An ideal apiary electric fence is built using strong supports such as wooden poles. Metal is also an interesting option for beekeepers installing an apiary electric fence. Other materials used with apiary electric fence supports are fiberglass, plastic and concrete. They can be reinforced in various ways to give them additional strength. The supports you use for your apiary electric fence should be strong enough to withstand force applied on them by both small and large animals such as bears. They should not break or bend even with repeated attempts at bypassing the electric fence. The supports should also hold your electric wire or netting upright at all times.
Between the supports of your apiary electric fence, strands of metal wire that conducts electricity is used. You can also use electric fencing nets of various types. The basic equipment needed for a fully functional electric fence include a source of electric power and a charger or energizer. You can use various electric power sources including solar and wind to power the electric fence. A mains power grid connection is also great for power.

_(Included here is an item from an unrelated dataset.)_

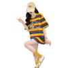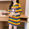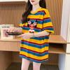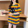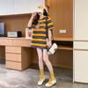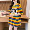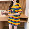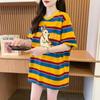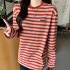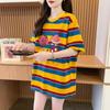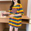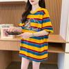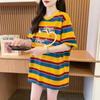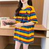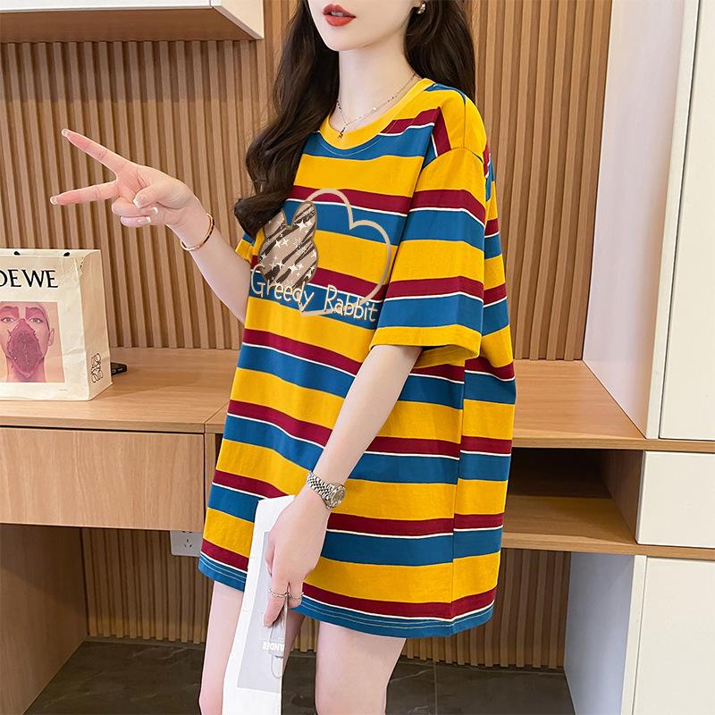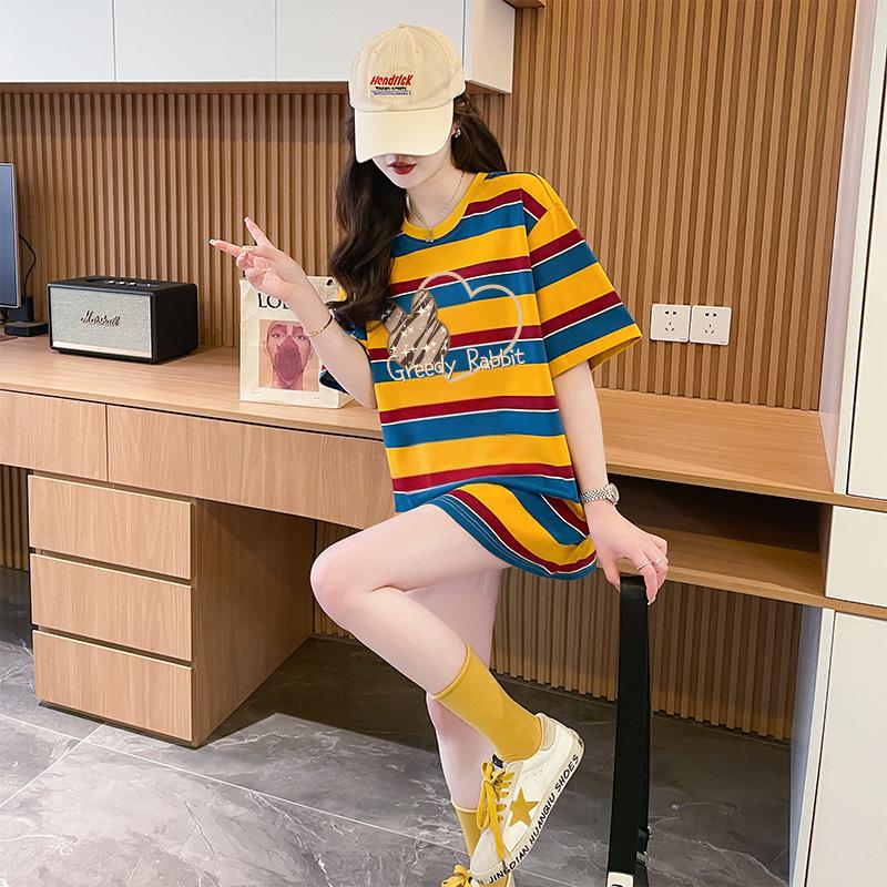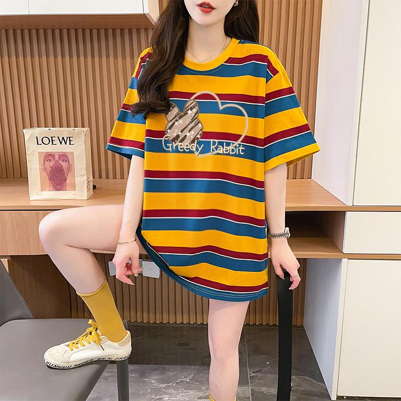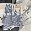 Camiseta de Rayas de Largo Medio Moderna y Elegante para Mujer con Diseño Americano Retro de Bloques de Color, Corte Holgado y Top que Cubre el Abdomen

In an electric fence, a bear comes into contact with a wire that has electric current. The body of the bear conducts the current to the ground. This causes a painful sensation in the bear. A loud unpleasant sound may also be produced upon contact of an animal and the electric fence. In most cases, the bear and many other animals move away from the area where they received the electric shock. For best results, maintenance should be carried out on the fence equipment and around the fence too. Vegetation under the fence should be cleared so that animals have direct contact with the ground when touching the electric fence.
Bears are attracted to meats, especially bacon. Beekeepers use baited electric fences to keep their apiaries safe from bears. They bait electric fences with bacon so that bears stop and smell the bacon. As the nose of the bear comes close to the bacon, the bear detects the fence is charged. It fears getting shocked and retreats from the area. If the bear touches its nose to the bacon on the electric fence, it gets shocked.
Things to note:
- Make sure that all the equipment is plugged in and working properly all the time. It does not help investing in the apiary electric fence and still having bear problems because the fence was not electrified for a night or two. Some bears can tell when an electric fence is not plugged in and will attack it with courage. When the same bears encounter a plugged in electric fence, they avoid it!

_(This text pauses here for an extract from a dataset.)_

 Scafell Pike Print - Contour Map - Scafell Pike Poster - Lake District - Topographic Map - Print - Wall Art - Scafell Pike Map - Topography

- For best results, use an energizer that can deliver electric current at 4,000 to 5,000 volts. At this voltage, you should be careful with humans touching the fence. Ensure you have adequate signage showing that the fence is electrified.
- Use a ground rod and a mat of grounding such as chicken wire under the electric fence to make sure animals are grounded when touching the fence.

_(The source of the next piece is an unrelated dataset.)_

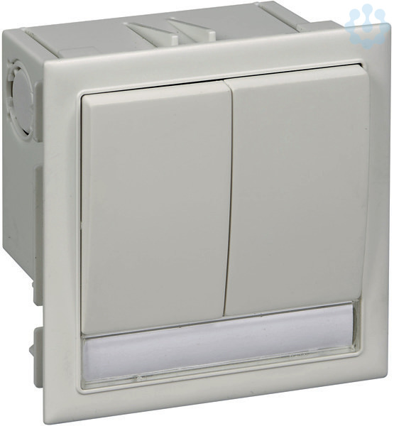 Schalter 2-fach, inkl. Einbaudose Wippe RAL9016 weiß TypCYB-PB-WS 9016. Schalter-Anschluss-Kit mit Dose, Schaltereinsatz, Adapter, zwei Zugentlastungsvorrichtungen, Abdeckung mit zwei Wippen und Etikett mit Etikettenfenster. Einschaltposition unten oder oben. 250 V, 16 A. Material PC/ABS.

- Set your apiary electric fence to have its lowest strand not more than 8 inches from the ground so that animals cannot crawl under. The wire strands should not be more than 8 inches apart too.
- Your apiary electric fence should rise more than 3 ½ feet above the ground so that bears cannot jump over it.
A Final Word
Bears cause a lot of damage to apiaries every year. Beekeepers have come up with many ways to prevent bears from damaging their beehives and harming honeybee colonies. Using electric fences is the most effective way on how to keep bears away from beehives. You should use more than one method of preventing bears from reaching your beehives for best results. In some jurisdictions, you might be eligible for compensation if a bear or other wild animal causes damage to your apiary. Use these methods and information on how to protect honeybees from bears to keep your bees safe and healthy all year round.